The trouble with many employes is that their minds are filled with outside matters of a frivolous nature.

In every large city there are thousands of dude employes, the kind who wear high collars, the kind who spend all their salary for clothes.

The dude employe stands in his own light. He wears a higher priced tie than the boss; he is immaculately neat; he looks like a fashion plate, but at the same time his tailor bill is not paid, he is owing money right and left. He spends his evenings in the cafes, and at odd moments during the day he dodges out to look over the racing form and smoke a cigaret. This dude employe sits up late at night. He spends his salary, and more too, in the gay life. He is tired next morning when he comes down.

The dude employe who wears a high collar is not the one that knuckles down to hard work. Perspiration and high collars do not go well together. The dude employe does not like perspiration, so he sees to it that he does not exert himself enough to perspire.

Employes should remember that very truthful axiom: "The employe who never does more than he is paid for is never paid for more than he does."

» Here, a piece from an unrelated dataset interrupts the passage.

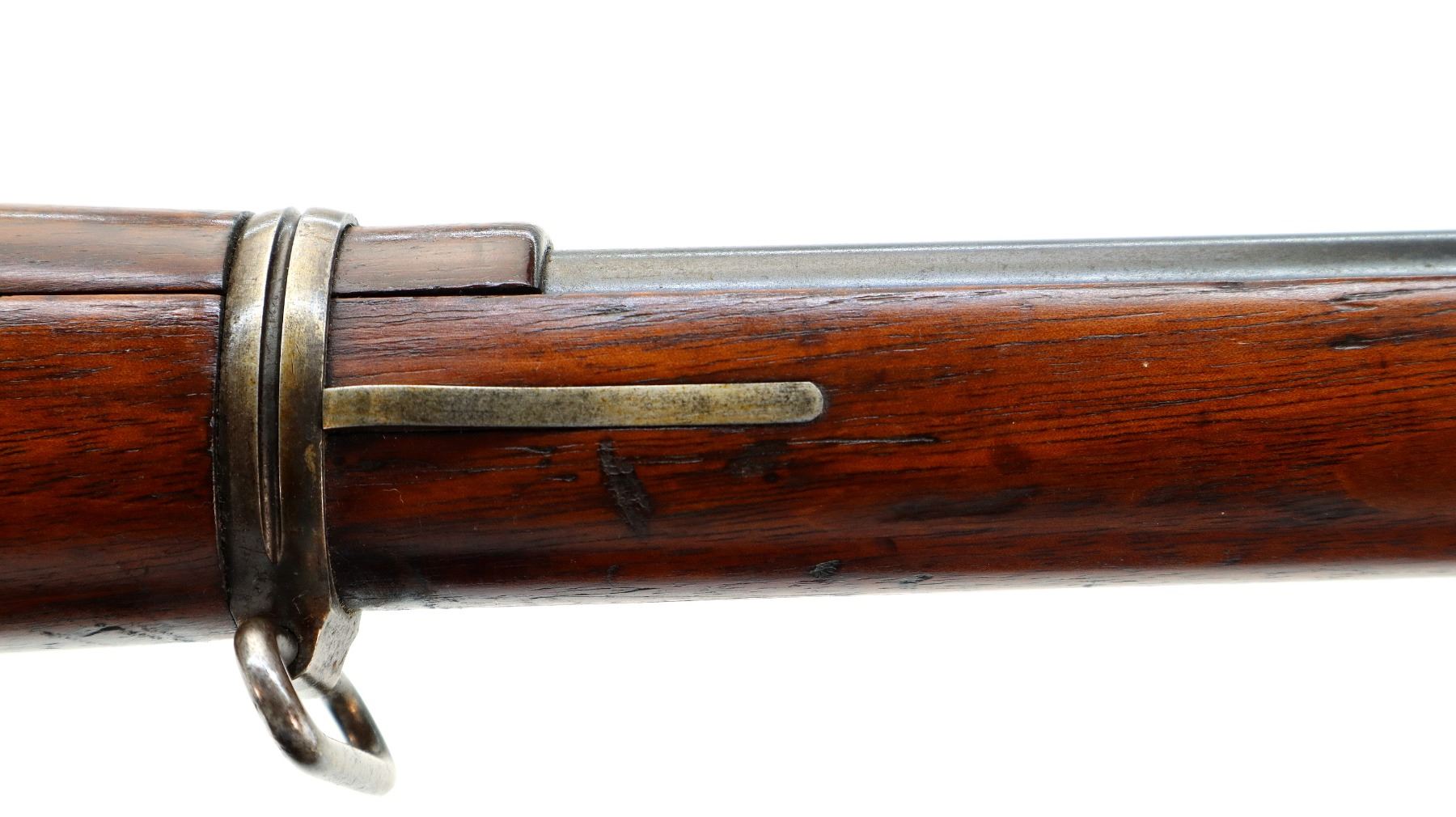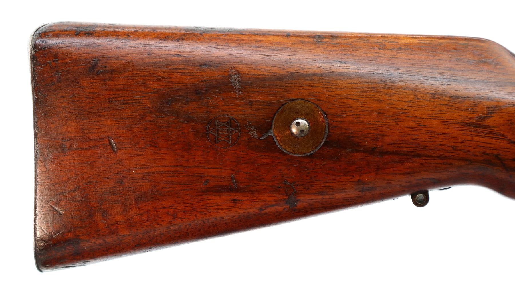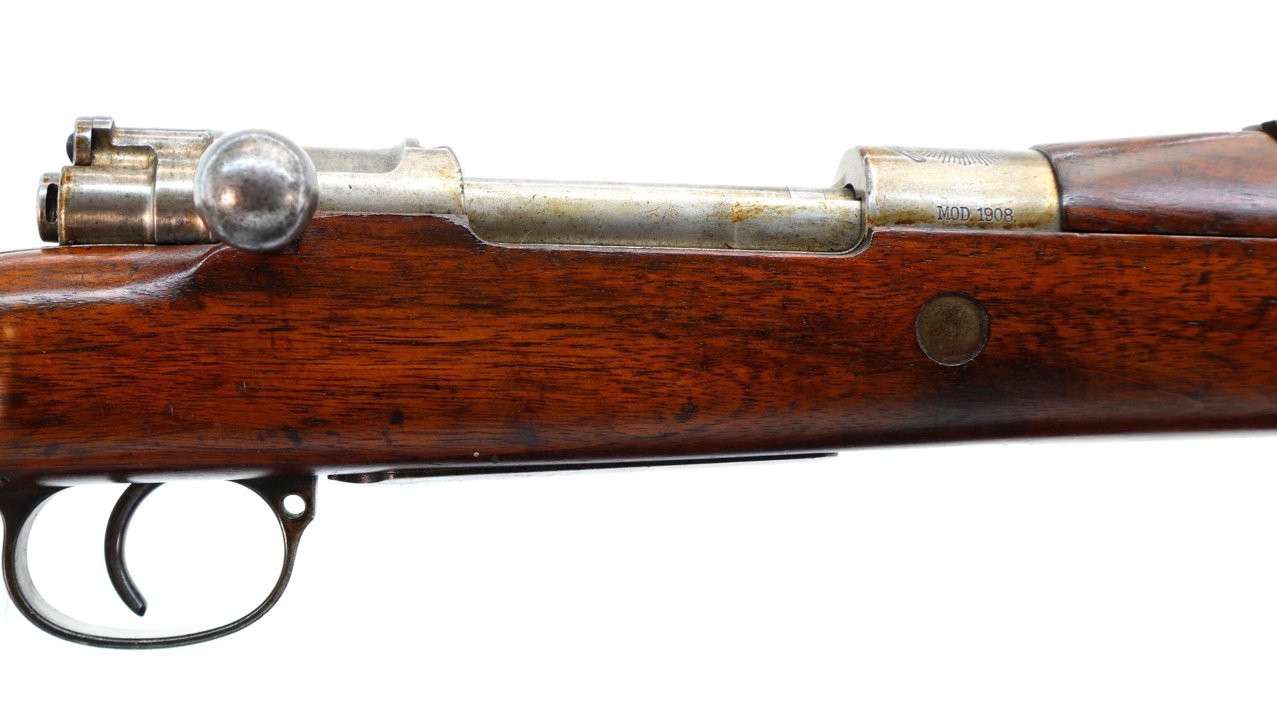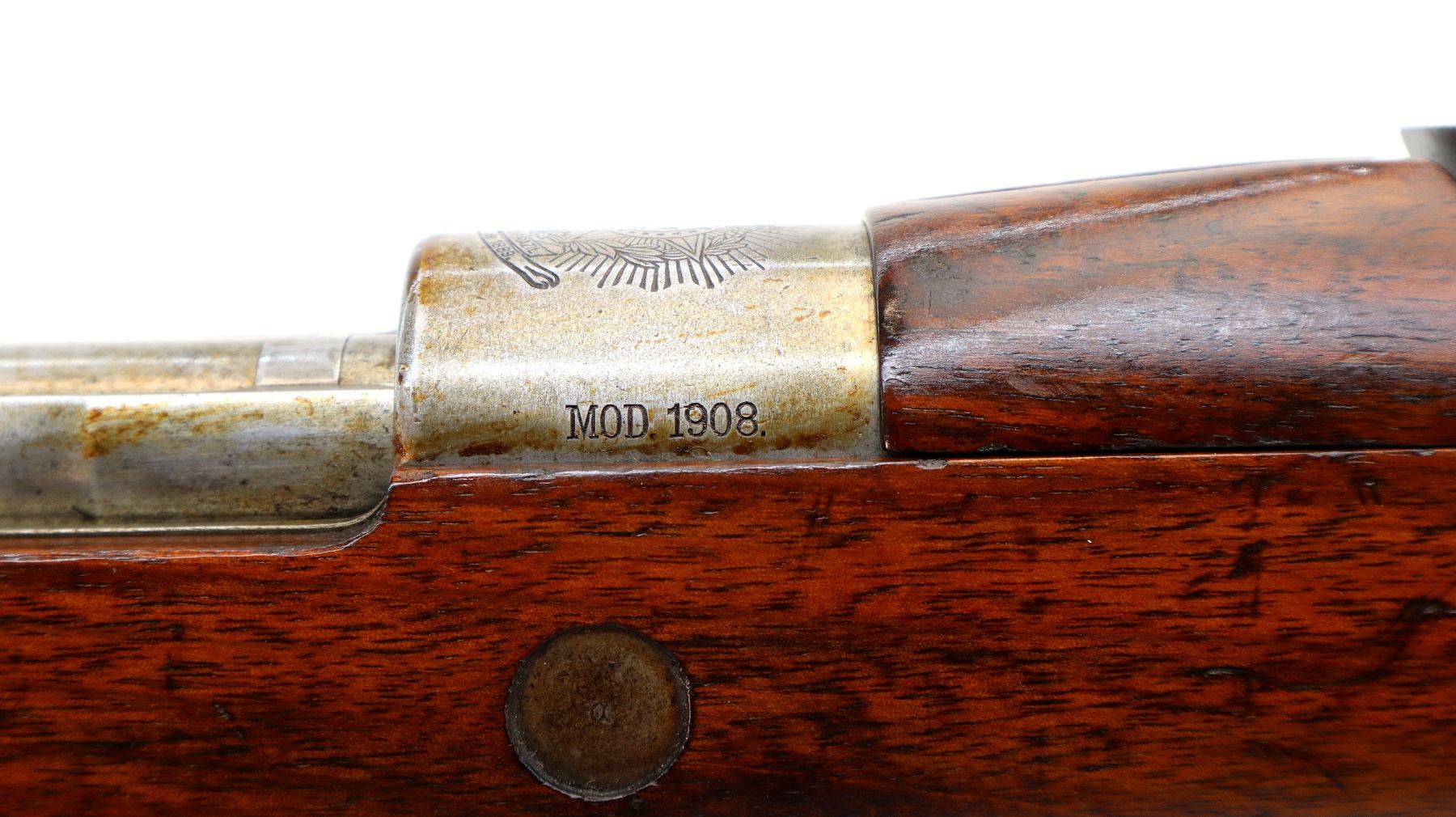 Main Description: Manufactured by DWM Berlin, visible serial numbers match. Barley corn front sight with ramp, adjustable u notched rear sight, blued finish, Brazilian crest on receiver ring, silver bolt with straight handle. Two piece full military wood stocks, pistol grip, smooth steel butt plate, steel stock disk on right side, rear stud front sling swivel, cleaning rod, bayonet lug.

The employe should remember that the boss takes large chances in hiring help, for there is not one employe out of ten that is a good investment. The employes should remember that it is necessary for the boss to make a good margin of profit on each employe, else he could not maintain his business.

Every employe who studies how much he can do is a help to an employer. Every employe who sees how little he can do is a hold-back to the institution.

Employes should remember that prosperity goes in cycles, that it is but three generations from shirt sleeve to shirt sleeve.

Over ninety per cent. of the bosses today started in and worked their way up from the ground. The young man who inherits a partnership in his father's business really has a handicap on him, and is not as likely to succeed as an employe who starts in at the bottom of the ladder.

Employes should remember that responsibilities only come to those whose shoulders are broad enough to bear them, and when additional responsibility comes to an employe that employe should look upon the responsibility as a distinct advantage to him, for it gives him an opportunity to show the stuff he is made of.

Laxity

When young men start in business their thoughts are all prospective. They look forward to the time when they will attain success. They work hard. They put enthusiasm and long hours into their business. As years pass they attain success and cash in this world's goods. They buy beautiful homes and surround themselves with luxury. They indulge in high living. They have country places. They take things easy. They sit back in their chairs and imagine their business will go on forever because they are so well established.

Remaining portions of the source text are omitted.